- Autumn Offensive of 1947 in Northeast China: Part of the Chinese Civil War
| Date | September 14 – November 5, 1947 |
| Location | Northeast China |
| Result | Communist victory |

Belligerents
- Flag of the National Revolutionary ArmyNational Revolutionary Army: PLAPeople's Liberation Army

Commanders and leaders
- Chen Cheng Chiang Kai-shek: Lin Biao Luo Ronghuan

Strength
- 500,000: 510,000

Casualties and losses
- Nationalist claim : 37,560 killed, wounded, missing, or captured Communist claim : 69,000: Unknown

= Autumn Offensive of 1947 in Northeast China =

Part of the Chinese Civil War

The Autumn Offensive of 1947 in Northeast China (東北1947年秋季戰役) was a series of battles initiated by the communists against the nationalists during the Chinese Civil War after World War II.

==Prelude==
After the defeats of the Summer Offensive of 1947 in Northeast China, Chiang Kai-shek removed Xiong Shihui, the political leader, and Du Yuming, the military commander, of the northeast China and replaced them with Chief of the General Staff Chen Cheng. With the arrival of the 49th Army from China proper, the total nationalist strength in northeast China numbered half a million, numbering forty-five divisions belonging to ten armies, which in turn, belonged to four corps. Chen Cheng deployed his troops in major cities such as Changchun, Siping, Shenyang, Jinzhou and along the railways linking these cities, and planned to attack the communists when more troops arrived from China proper.

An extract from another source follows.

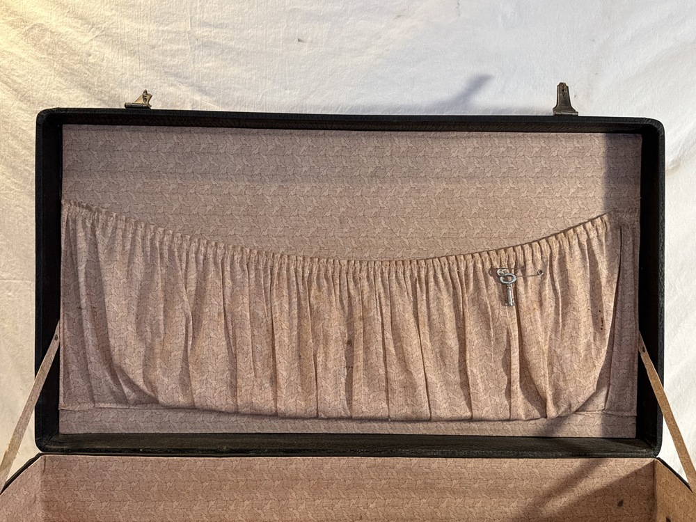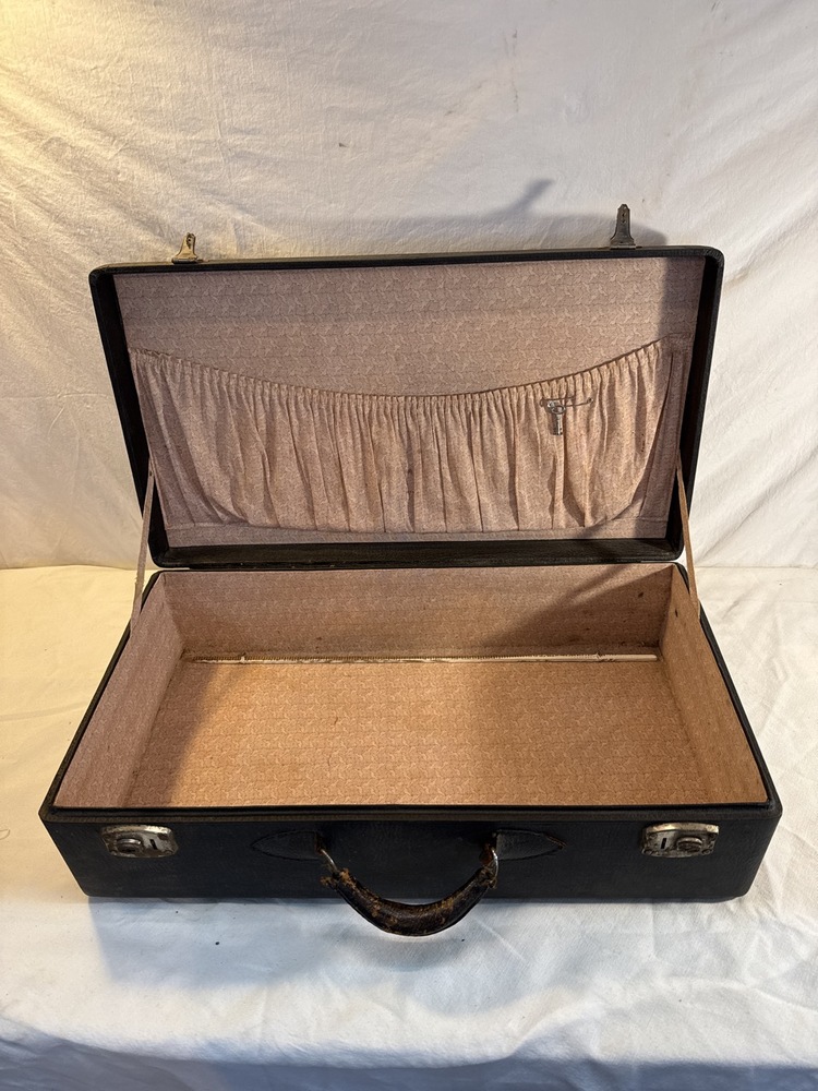 Vtg. Hard- Sided Suitcase - 24” x 13” x 6 3/4” - Fabric Lined ~ Has Key

In northeast China, meanwhile, the communists had twenty-seven Divisions that belonged to nine columns, and twelve independent divisions (including two cavalry divisions), and local garrisons. This totaled 510,000 troops, slightly more than its nationalist opponent. The communists mainly occupied regions in western Liaoning, and regions along the railways from Changchun to Greater Stone Bridge (Dashiqiao), and from Shenyang to Jilin. The communists planned to launch an offensive in late September by first attacking the southern front of the nationalists where the defense was the weakest, and then annihilate large amount of the nationalist force by ambushing the nationalist reinforcement from north. However, on September 6, 1947, to secure the railway communication line, three nationalist Divisions begun their push toward Jianchang from Xingcheng, Suizhong and Jinxi, and the communists consequently adjusted their schedule accordingly by launching the offensive early on September 14, 1947.

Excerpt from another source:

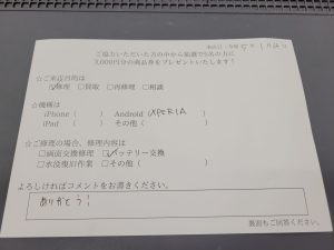 スマホスピタル 新宿 Xperiaのバッテリー交換のお客様からコメントを頂きました

==Nationalist order of battle==
- The Newly Organized 1st Army
- The Newly Organized 6th Army
- The 3rd Cavalry Army
- The 49th Army
- The 52nd Army
- The 53rd Army
- The 60th Army
- The 71st Army
- The 207th Division of the Youth Army
- Six divisions from China proper in the latter stage of the offensive

==Communist order of battle==
To achieve their objective, the communists established three commands:
- The 1st frontline command headed by commander Xiao Jinguang and political commissar Xiao Hua, which was assigned to attack nationalist troops in the region between Liaoyang and Greater Stone Bridge (Dashiqiao), and the region between Tieling and Changtu. This command included:
  - The 3rd Column
  - The 4th Column
  - Three independent divisions
- The 2nd frontline command headed by commander and political commissar Cheng Zihua, which was tasked to fight the nationalists defending the railways from Shanhai Pass to Jinzhou and from Chengde to Jinzhou. This command included:
  - The 8th Column
  - The 9th Column
  - Four independent Divisions
- The high command headed by commander Lin Biao and political commissar Luo Ronghuan, which was assigned to annihilate enemy in the regions between Siping (city) and Changchun. This command included:
  - The 1st Column
  - The 2nd Column
  - The 6th Column
  - The 7th Column
  - The 10th Column
  - Three independent divisions

==First stage==
On September 14, 1947, the nationalist westward push was met head on with stiff communist resistance. At dawn, the nationalist 50th Division at the left front was badly mauled by the communist 8th Column and the 1st Independent Division at the Pear Tree Ditch Gate (Lishu Gou Men) region, and was forced to turn back. The communist force did not pursuit the retreating remnant of 50th Division, but instead, turned to the nationalist 22nd Division at the central front, wiping out the enemy at the region between Yang's Family's Pole (Yangjia Zhangzi) and Old Gate (Jiu Men). The nationalist 60th Division at the right front immediately withdrew after learning the news of the annihilation of forces at the other two fronts and after failing to catch up with the retreating enemy, the communists withdrew to the west for rest and regroup. In the meantime, the communist 9th Column were order to the Jinxi and Yang's Family's Pole (Yangjia Zhangzi) for reinforcement to face the renewed nationalist attack that was certain to come.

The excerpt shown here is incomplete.